In hoeverre draagt poliklinisch voorschrijven bij aan de incidentie van onbedoelde medicatiegerelateerde schade bij ouderen?

 

Naar aanleiding van de gepresenteerde knelpunten, zijn onderstaande onderwerpen aan bod gekomen.

 

Gevraagd wordt aan de aanwezigen om de knelpunten rondom polyfarmacie in de 2e lijn aan te geven. Mogelijk knelpunt bij de opname van patiënten is het herkennen van bijwerkingen en hoe vaak zijn de bijwerkingen de daadwerkelijke oorzaak van ziekenhuisopname? Een ander punt van aandacht zijn risicoprofielen. Welke ouderen hebben een verhoogd risico op schade tijdens de momenten van opname, behandeling en ontslag? Opgemerkt wordt dat er tevens schade kan ontstaan door het stoppen met medicatie, dergelijke schade dient ook meegenomen te worden.

 

Risicoprofielen
De volgende knelpunten, opgesteld door de werkgroep, zijn gepresenteerd: Welke ouderen hebben het hoogste risico op:

Naar aanleiding van de gepresenteerde knelpunten, zijn onderstaande onderwerpen aan bod gekomen.
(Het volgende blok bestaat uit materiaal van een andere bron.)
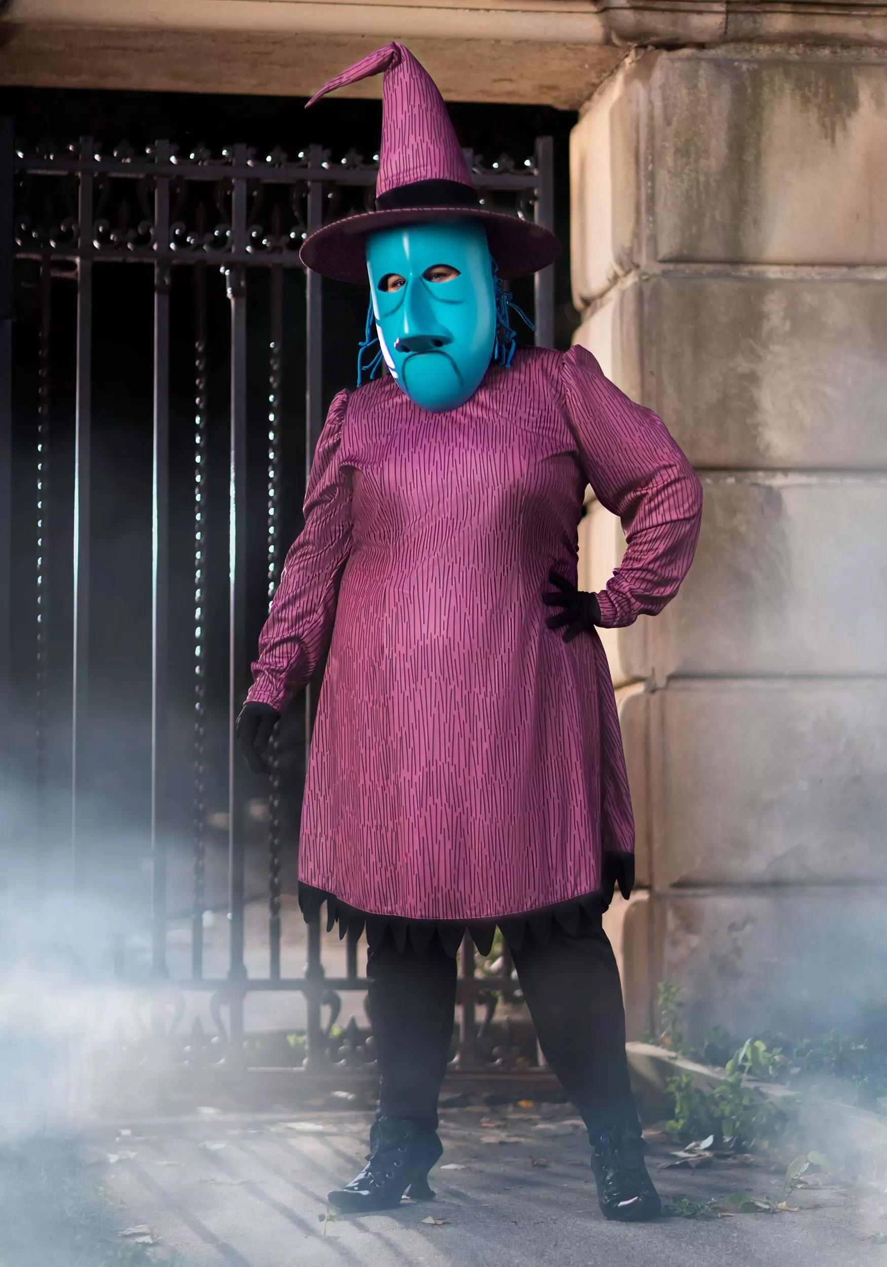 Angular details on the collar and hemline create an animated feel and the pointed hat and its bursting blue hair under the brim will have you cackling like a real Halloween Town witch! Slip on the mask to hide your smile and wear Shock’s scowl. Before long you’ll know all of Halloween’s secrets!
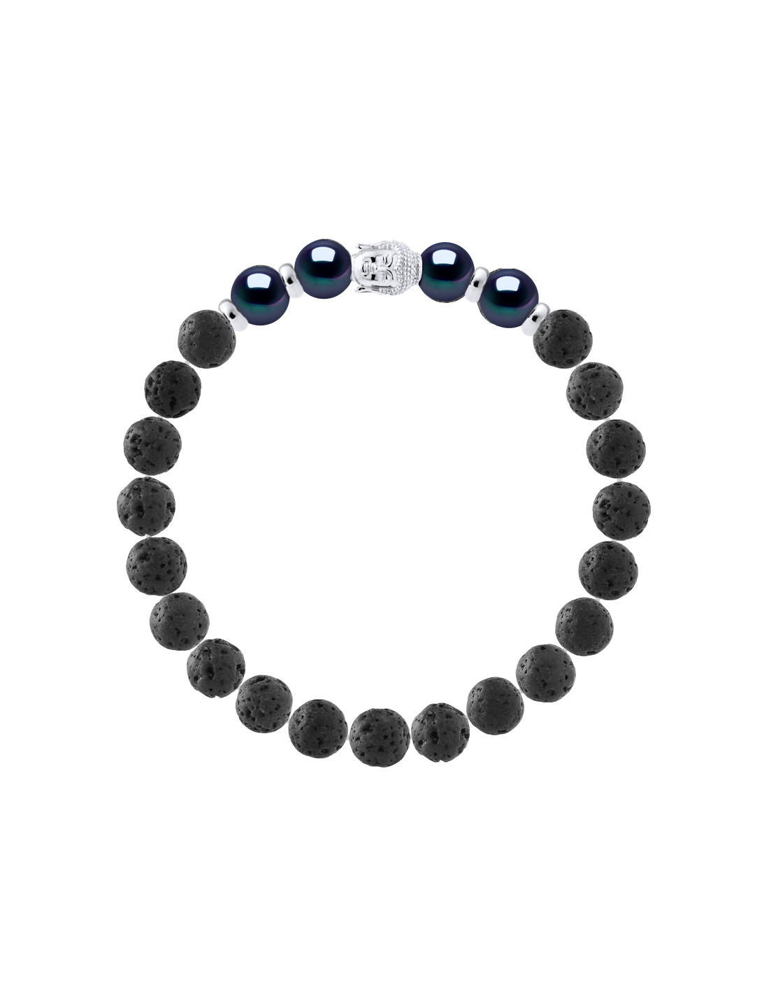 Buddah-Armband Perle der schwarzen Kultur in Lave-Stein - Silber 925 - Amaru

Welke patiënten er in aanmerking komen voor een medicatiebeoordeling dient beschreven te worden. Wanneer er wordt gekozen voor alle personen van 65 jaar en ouder met meer dan vijf pillen heeft men het over 700.000 mensen. Dat kunnen de huisartsen niet aan en is niet realistisch. Het aantal patiënten zal ook mede bepalen waar de grenswaarden van leeftijd en aantal medicamenten zal liggen. Daar is op dit moment nog geen structuur voor.
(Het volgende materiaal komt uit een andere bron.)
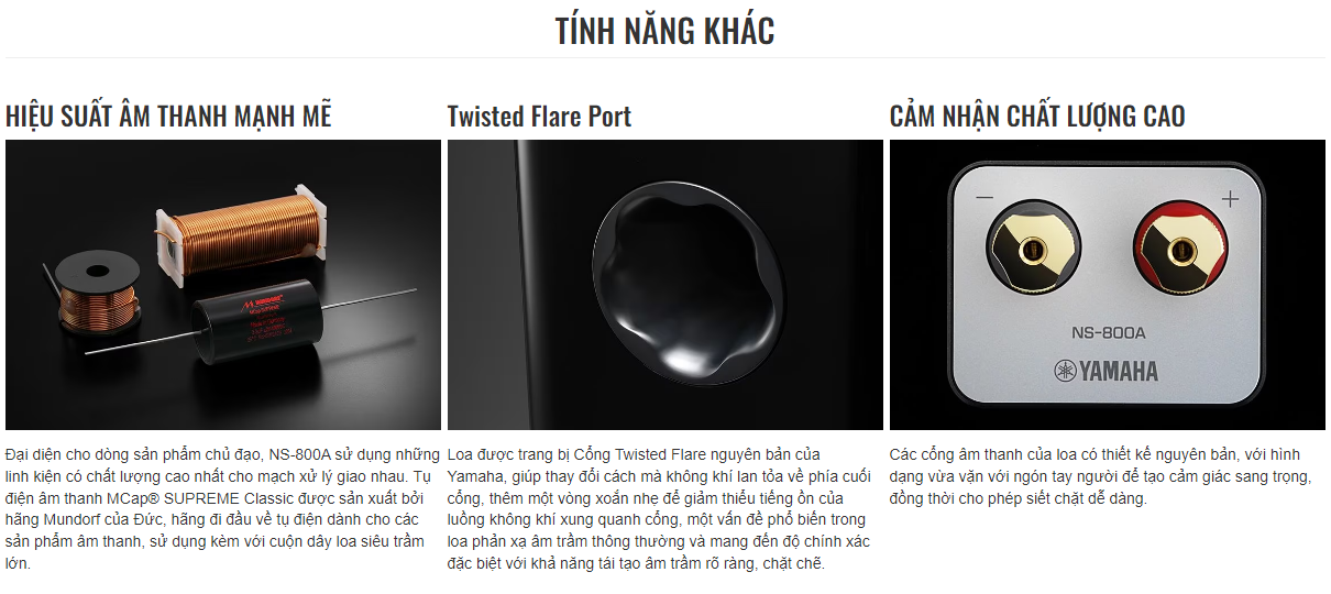 - Bộ giảm âm có bằng sáng chế của Yamaha được tối ưu hóa cho NS-800A
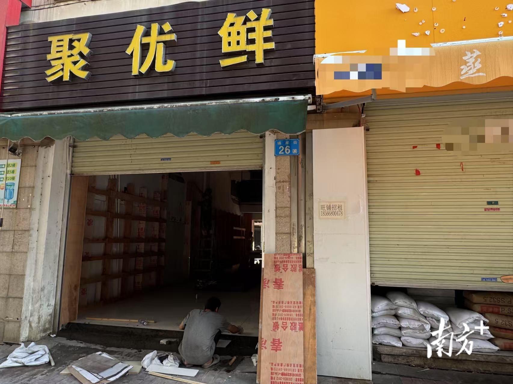 4月21日下午,记者走访倒闭生鲜超市附近的商业街了解到,锦绣半岛西区与南区之间商铺数量较少,大约有20间左右,目前有两家小型生鲜商店,三周前倒闭的大型超市占用面积大,连租了多个铺位。

Gemeld wordt dat men binnen de psychiatrie veel werkt met het begrip frailty. Dhr. van Marum beaamt dat en zegt dat het begrip frailty heel breed is. In deze richtlijn is gekozen voor ouderen met een aantal risicofactoren zoals een verminderde nierfunctie en valincidenten. Dat brengt je in de buurt van het begrip frailty. Er is voor het addendum specifiek gekozen voor de oudere populatie, dus de implementatie en de searches zal zich focussen op ouderen.


Er wordt gevraagd of men de discussie gaande in de eerste lijn over verantwoordelijkheid niet eerst moeten laten gaan en pas wanneer deze is gaan liggen de 2e lijn aanpakken? Dhr. van Marum reageert dat de setting van de 1e lijn en de 2e lijn erg van elkaar verschilt. In de 1e lijn bevinden zich de patiënten met een relatieve stabiele gezondheid waar in de 2e lijn meer ontregeling is. Goede implementatie van de medicatiebeoordeling in de 1e lijn is wenselijk zodat er een goede basis is voor de verdere beoordeling in de 2e lijn. Trajecten kunnen deels parallel ontwikkeld worden, maar de samenhang moet in het oog gehouden worden. Er zou erg veel tijd verloren gaan wanneer er eerst gefocust zou worden op de 1e lijn en daarna pas aan de 2e lijn begonnen zou worden.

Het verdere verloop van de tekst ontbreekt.